DATA FOR THE TASK —
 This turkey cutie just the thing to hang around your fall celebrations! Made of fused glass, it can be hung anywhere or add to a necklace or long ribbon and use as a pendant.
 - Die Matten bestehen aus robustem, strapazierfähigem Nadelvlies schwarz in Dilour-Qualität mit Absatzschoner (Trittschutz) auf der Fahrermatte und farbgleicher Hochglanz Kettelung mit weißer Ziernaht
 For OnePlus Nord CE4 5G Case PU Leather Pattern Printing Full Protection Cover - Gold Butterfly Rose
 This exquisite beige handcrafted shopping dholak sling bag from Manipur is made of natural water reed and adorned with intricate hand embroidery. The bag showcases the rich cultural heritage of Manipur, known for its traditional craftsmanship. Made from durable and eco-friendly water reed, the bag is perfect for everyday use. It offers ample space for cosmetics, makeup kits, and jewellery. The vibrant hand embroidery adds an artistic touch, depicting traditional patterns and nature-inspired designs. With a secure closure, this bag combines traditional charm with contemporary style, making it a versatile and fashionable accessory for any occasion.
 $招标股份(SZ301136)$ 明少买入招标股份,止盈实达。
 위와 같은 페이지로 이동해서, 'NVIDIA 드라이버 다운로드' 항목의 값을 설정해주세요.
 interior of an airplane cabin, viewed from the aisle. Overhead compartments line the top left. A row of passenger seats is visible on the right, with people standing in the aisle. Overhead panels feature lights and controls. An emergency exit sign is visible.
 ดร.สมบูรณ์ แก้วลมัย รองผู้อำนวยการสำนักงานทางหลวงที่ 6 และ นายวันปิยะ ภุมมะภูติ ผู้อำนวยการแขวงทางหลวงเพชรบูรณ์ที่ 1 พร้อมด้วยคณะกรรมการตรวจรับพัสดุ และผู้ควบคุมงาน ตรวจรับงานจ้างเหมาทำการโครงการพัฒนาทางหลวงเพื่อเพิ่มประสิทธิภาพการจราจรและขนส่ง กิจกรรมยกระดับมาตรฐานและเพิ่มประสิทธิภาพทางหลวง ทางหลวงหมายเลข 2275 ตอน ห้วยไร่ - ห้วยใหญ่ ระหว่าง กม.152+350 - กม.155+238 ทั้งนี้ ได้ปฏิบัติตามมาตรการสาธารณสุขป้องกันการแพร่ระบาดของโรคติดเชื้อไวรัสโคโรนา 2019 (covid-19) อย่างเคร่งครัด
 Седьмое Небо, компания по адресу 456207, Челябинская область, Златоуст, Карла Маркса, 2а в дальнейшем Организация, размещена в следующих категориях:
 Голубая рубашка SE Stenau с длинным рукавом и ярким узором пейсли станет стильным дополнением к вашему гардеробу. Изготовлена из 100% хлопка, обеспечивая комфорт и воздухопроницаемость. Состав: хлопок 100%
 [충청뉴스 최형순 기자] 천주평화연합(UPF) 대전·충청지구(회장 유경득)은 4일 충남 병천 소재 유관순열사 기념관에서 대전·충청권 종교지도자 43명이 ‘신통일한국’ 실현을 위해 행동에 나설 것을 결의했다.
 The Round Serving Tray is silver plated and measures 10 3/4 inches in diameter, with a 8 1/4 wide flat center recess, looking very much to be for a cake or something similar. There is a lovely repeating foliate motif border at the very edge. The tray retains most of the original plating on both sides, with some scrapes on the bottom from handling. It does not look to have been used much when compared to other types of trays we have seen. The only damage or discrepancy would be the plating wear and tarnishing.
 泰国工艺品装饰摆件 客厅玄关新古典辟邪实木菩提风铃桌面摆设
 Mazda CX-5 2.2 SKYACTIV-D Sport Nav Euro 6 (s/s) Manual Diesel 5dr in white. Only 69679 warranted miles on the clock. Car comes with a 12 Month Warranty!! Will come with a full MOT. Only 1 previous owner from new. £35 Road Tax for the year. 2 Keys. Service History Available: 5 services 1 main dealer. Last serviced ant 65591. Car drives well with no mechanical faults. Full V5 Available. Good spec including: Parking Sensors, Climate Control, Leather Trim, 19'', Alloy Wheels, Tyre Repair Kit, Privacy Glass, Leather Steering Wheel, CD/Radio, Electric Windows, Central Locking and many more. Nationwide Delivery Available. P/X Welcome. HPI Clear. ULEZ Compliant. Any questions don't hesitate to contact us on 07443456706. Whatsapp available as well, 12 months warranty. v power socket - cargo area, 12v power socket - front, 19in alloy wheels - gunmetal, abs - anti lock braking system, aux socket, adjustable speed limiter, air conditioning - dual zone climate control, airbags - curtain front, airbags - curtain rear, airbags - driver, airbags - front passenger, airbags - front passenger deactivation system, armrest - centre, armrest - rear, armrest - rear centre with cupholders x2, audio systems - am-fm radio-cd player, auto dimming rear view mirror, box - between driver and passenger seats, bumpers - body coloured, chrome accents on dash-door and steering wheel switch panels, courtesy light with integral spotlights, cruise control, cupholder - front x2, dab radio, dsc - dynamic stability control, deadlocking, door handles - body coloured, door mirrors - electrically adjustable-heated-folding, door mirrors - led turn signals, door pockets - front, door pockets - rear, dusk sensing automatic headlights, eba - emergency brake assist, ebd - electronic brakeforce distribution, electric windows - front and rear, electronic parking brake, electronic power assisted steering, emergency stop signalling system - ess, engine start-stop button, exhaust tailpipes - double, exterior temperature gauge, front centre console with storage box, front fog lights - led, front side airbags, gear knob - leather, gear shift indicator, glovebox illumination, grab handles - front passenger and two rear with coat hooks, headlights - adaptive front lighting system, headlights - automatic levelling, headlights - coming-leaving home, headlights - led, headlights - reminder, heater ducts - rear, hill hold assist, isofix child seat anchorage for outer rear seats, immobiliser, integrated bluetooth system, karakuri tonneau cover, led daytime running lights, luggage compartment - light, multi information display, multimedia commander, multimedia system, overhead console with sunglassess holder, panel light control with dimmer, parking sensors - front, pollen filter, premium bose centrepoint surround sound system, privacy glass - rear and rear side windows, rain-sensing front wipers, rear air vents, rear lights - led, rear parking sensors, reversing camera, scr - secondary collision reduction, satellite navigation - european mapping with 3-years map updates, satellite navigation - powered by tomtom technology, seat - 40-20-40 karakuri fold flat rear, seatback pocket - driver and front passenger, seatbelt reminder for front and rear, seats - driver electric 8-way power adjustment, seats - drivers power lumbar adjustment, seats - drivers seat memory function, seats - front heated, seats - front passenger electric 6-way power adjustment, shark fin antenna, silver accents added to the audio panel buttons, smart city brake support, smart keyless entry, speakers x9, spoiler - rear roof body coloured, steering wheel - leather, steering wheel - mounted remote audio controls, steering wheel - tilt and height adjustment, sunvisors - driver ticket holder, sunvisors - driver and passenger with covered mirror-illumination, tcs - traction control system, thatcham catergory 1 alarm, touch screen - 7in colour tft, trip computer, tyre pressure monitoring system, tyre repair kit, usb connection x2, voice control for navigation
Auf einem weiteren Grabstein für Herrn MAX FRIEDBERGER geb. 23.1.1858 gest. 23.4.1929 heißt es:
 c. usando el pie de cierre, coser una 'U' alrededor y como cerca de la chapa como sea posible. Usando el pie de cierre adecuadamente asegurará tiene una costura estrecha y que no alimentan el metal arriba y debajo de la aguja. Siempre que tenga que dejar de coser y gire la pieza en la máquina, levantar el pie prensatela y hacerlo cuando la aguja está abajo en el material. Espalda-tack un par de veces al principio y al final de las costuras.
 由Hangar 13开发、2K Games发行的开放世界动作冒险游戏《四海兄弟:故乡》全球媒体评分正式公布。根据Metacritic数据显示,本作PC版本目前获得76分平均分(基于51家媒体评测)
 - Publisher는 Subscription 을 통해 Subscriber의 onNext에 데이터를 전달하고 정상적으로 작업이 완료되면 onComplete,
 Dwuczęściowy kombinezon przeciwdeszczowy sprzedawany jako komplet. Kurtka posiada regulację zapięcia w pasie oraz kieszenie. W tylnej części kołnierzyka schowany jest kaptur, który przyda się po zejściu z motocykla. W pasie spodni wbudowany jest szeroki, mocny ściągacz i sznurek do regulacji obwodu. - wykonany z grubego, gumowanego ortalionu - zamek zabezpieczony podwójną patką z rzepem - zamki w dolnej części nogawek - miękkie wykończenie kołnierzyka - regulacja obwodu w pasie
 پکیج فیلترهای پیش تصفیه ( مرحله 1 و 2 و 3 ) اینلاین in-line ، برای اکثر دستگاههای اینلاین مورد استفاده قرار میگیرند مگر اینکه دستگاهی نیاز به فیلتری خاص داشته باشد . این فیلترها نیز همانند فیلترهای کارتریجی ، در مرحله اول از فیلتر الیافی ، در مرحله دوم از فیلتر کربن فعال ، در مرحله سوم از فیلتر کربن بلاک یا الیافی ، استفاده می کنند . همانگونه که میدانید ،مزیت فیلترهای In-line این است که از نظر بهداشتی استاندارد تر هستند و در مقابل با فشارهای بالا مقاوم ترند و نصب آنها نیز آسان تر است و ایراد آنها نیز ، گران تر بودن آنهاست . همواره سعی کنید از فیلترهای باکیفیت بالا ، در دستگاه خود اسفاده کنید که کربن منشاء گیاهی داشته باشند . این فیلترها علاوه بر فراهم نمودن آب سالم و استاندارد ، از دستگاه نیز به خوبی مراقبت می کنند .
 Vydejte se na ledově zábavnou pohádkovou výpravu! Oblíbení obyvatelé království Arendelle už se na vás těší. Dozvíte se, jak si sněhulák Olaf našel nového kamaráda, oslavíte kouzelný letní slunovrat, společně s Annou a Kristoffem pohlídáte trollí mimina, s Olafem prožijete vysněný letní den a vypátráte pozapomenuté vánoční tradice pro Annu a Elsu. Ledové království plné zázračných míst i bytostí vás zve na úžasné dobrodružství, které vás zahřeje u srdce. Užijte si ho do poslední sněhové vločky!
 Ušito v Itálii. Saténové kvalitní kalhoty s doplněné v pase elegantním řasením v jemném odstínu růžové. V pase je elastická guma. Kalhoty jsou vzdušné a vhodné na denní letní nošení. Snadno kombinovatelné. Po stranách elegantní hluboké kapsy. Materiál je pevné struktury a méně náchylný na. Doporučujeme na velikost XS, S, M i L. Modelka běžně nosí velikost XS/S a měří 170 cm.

EXERCISE OBJECTIVE — Only one stretch of the records above is wanted: the lines between the one holding "Седьмое Небо, компания" and the one holding "[충청뉴스 최형순 기자]", inclusive, reproduced exactly.

WRITTEN REPLY —
 Седьмое Небо, компания по адресу 456207, Челябинская область, Златоуст, Карла Маркса, 2а в дальнейшем Организация, размещена в следующих категориях:
 Голубая рубашка SE Stenau с длинным рукавом и ярким узором пейсли станет стильным дополнением к вашему гардеробу. Изготовлена из 100% хлопка, обеспечивая комфорт и воздухопроницаемость. Состав: хлопок 100%
 [충청뉴스 최형순 기자] 천주평화연합(UPF) 대전·충청지구(회장 유경득)은 4일 충남 병천 소재 유관순열사 기념관에서 대전·충청권 종교지도자 43명이 ‘신통일한국’ 실현을 위해 행동에 나설 것을 결의했다.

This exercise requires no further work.